• Materials provided:

====

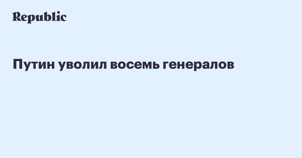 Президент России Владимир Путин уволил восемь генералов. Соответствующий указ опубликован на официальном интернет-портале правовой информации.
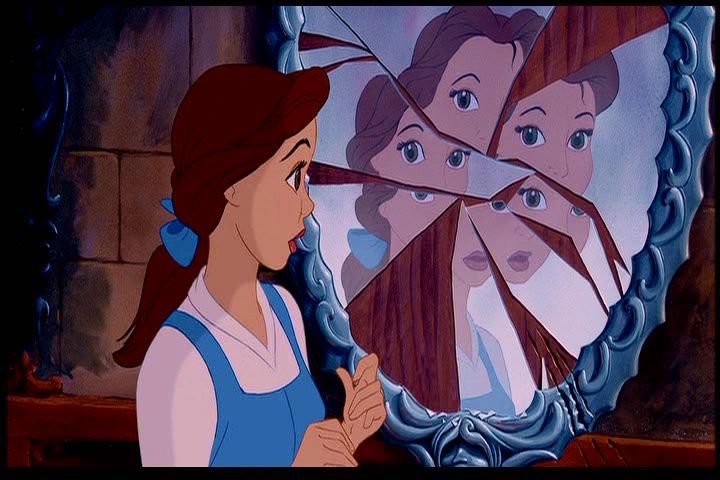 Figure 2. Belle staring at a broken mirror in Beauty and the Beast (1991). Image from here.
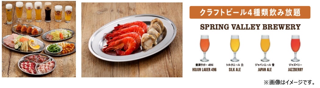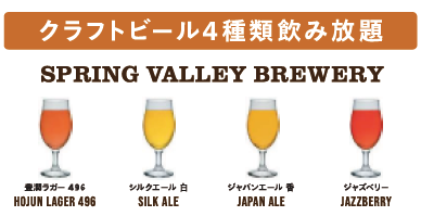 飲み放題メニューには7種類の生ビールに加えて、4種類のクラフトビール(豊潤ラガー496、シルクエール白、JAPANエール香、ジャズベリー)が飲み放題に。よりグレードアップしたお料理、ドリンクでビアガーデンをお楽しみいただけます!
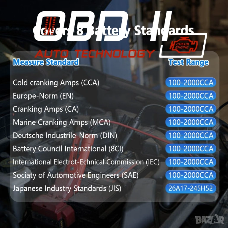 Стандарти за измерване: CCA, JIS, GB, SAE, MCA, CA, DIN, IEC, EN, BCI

====

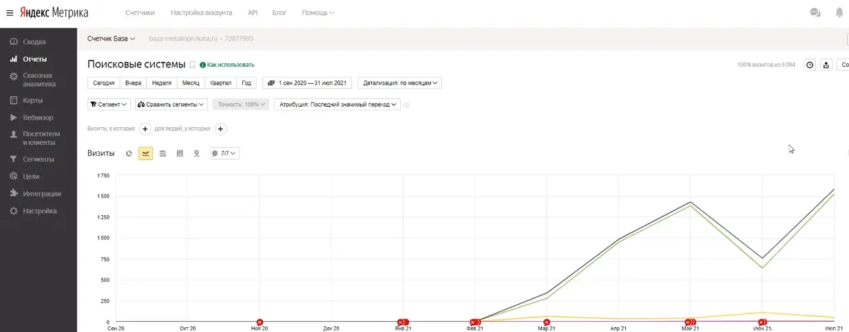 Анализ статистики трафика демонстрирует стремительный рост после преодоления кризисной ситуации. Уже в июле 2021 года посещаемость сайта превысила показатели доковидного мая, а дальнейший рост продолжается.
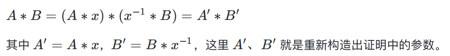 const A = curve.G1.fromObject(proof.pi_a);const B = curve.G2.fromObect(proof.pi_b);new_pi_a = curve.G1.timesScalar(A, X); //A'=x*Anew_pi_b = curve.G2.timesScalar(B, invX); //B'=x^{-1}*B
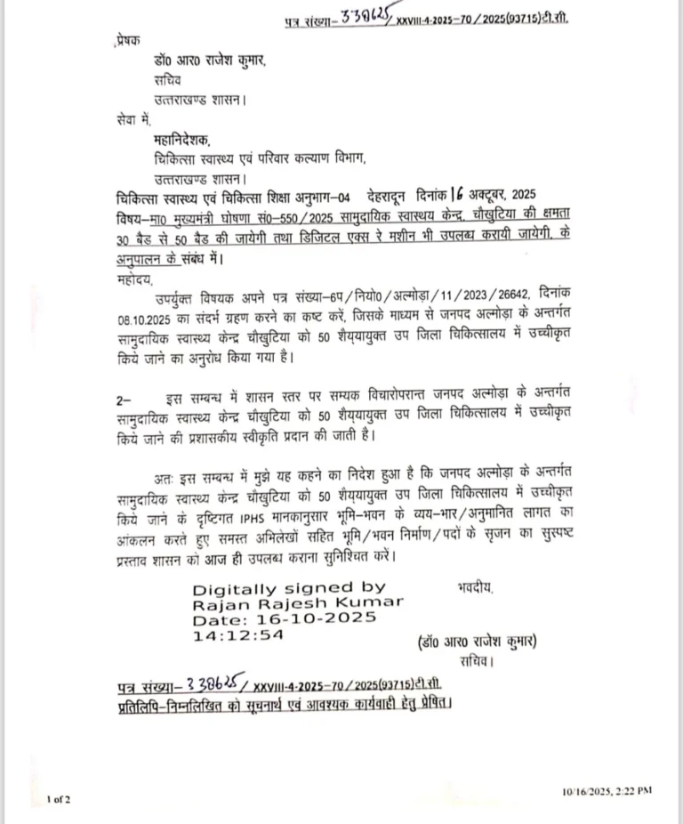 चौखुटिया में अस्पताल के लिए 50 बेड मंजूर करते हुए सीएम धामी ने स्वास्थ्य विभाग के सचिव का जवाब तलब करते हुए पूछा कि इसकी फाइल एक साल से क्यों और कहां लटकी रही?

====

The lines to set down run from the line with "Анализ статистики трафика" up to and including the line with "const A = curve.G1.fromObject(proof.pi_a);const" in the entries above. Reproduce them exactly, with no pictures.

• Result for this exercise:
 Анализ статистики трафика демонстрирует стремительный рост после преодоления кризисной ситуации. Уже в июле 2021 года посещаемость сайта превысила показатели доковидного мая, а дальнейший рост продолжается.
 const A = curve.G1.fromObject(proof.pi_a);const B = curve.G2.fromObect(proof.pi_b);new_pi_a = curve.G1.timesScalar(A, X); //A'=x*Anew_pi_b = curve.G2.timesScalar(B, invX); //B'=x^{-1}*B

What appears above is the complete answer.